You Should Drink on St. Patty’s Day (Because of History)

Happy St. Patrick’s Day everyone! I’m going to keep it short and sweet today because you’re probably on your way to mass…what? You’re on the way to the bar? It’s 10:00 am! Kegs and eggs you say?

eggsss
^Depicted here in the wild.

In all seriousness, some of you readers or your friends may look towards to this day for some good ole’ fashioned drinking. It’s fairly obvious that this holiday has been “AMERICUH”’-ED. Most people are aware that St. Patrick’s Day has nothing to do with binge drinking…or does it?

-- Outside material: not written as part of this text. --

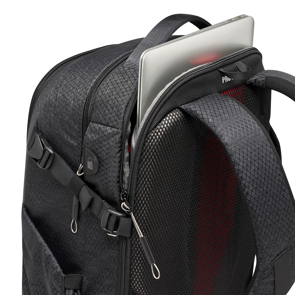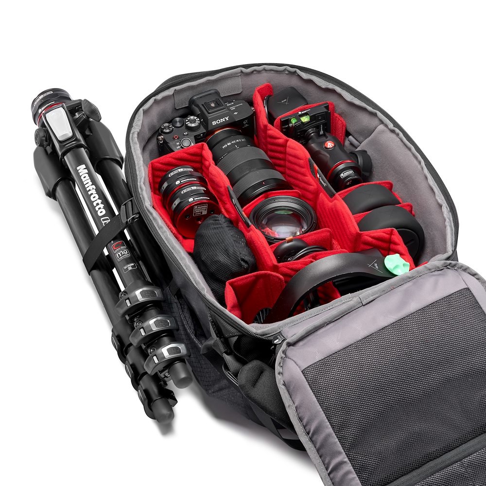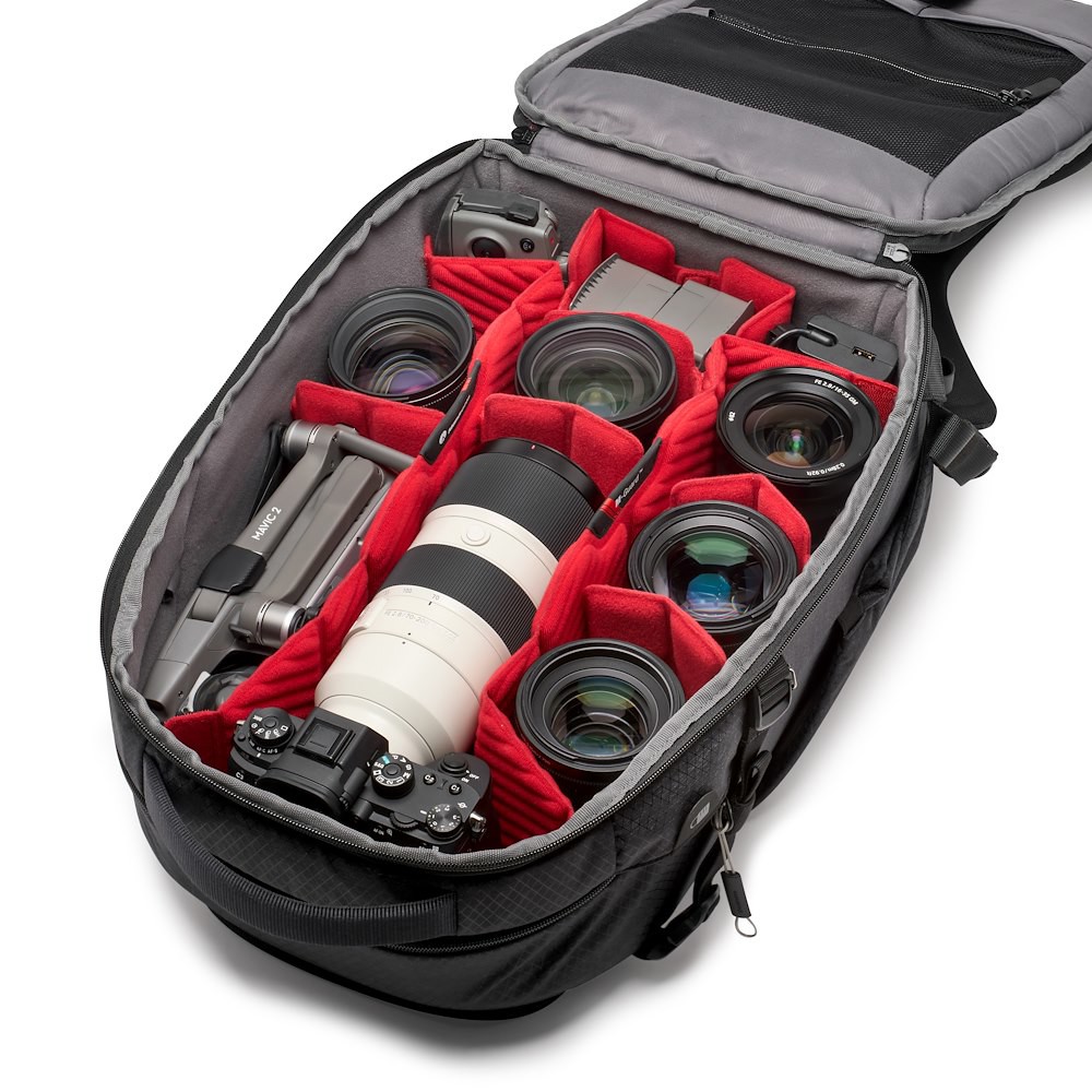 The Manfrotto PRO Light Backloader Camera Backpack M is a professional camera bag specifically designed to provide unparalleled gear protection to fit the preference and workflow of any professional photographer or filmmaker. The PRO Light backpacks usher in the all-new M-Guard™ Protection System specifically designed and laboratory tested to guarantee the highest level of protection and shock resistance especially on areas of the bag where protection is most crucial. M-Guard™ dividers are made of high-density EVA foam that provide exceptional shock absorption while maintaining a super slim profile. In addition the SAS-TEC, a viscoelastic memory foam and multi-impact endurance, adds a structural reinforcemnt on the base of the backpack providing extra shock absorbing properties. For an even better worry-free experience, a TSA approved padlock can be used to secure the steel wire puller to close the main compartment. The PRO Light Backloader comes with a safe rear access into a fully padded camera gear compartment with customizable interiors. For full shooting experience, the Backloader M holds 2-3 full frame DSLR or mirrorless cameras with portrait grip on the main compartment plus multiple lenses. Alternatevely the internal organization arrangement can be customized to meet different storage needs thanks to a moveable interior panel that can split the internal space in 2 additional different ways: the top compartment can be dedicated to the 20% to personal items and easily accessed by the quick top opening and the other 80% to gear or interchangeably carry 80% personal items and 20% camera gear. The top access point serves as an alternative for reaching into the most used cameras or lenses. In front is a multi-section compartment both internal end extrenal for small accessories and personal items along with a laptop section that holds a 15” laptop. The Backloader features a double-sided tripod connection for travel sized tripods, an adjustable chest strap for better carrying, and a DuoFace sun and rain cover that repels moisture and reflects sunlight to keep the gear cool and dry all day long. The backpack is made of water-repellant RipStop nylon/polyester fabric with reinforcement yarns to achieve a balance of light weight, unique look, and high capacity performance. Duraflex® hardware, YKK® zippers, hypalon reinforcement, trims and pullers make the pack both ultra-lightweight and strong enough to withstand the most intense use to ensure long-term protection for large amounts of gear.

A quick wiki search between me and a coworker (hey, everyone deserves a quick break) revealed that St. Patrick’s Day was started to honor…well, it’s in the name. After being kidnapped by pirates (seriously) he joined the priesthood and helped to bring Christianity around Ireland. The day of his death became a catholic feast day. So why don’t we drink on every catholic feast day? Well, it’s not because there are 280 of them.

drinking
^What the world would look like.

No, the reason that St. Patrick gets people to raise their shot glasses is all in the timing. As you may or may not know, St Patrick’s Day is right in the middle of lent. Traditionally, things like sex and drinking are banned for lent. So while we may not take it as seriously now, people used to be very, very careful about that sort of thing. Luckily for our ancient college ancestors there was one day where the drinking ban was lifted=St. Patty’s.

So, very technically, St. Patty’s Day is a day where you should take advantage of a drink or two. Unfortunately for traditionalists, in the same way that Christmas is now more about presents than the birth of lil’ baby Jesus, the only thing most people can remember about St Patrick’s Day is to wear green and to be really into green beer for the day.

If you choose to drink your face off today, go ahead. Just remember that it’s, you know, Tuesday. (And the “Hump-day Hangover” is not something that you want to deal with, trust me.) And while you’re at the bar sipping your green tinted keystone, lean over to your neighbor and say, “Hey…drinking is cool with the church and stuff!”

I’m sure they’ll think you’re really cool for knowing that.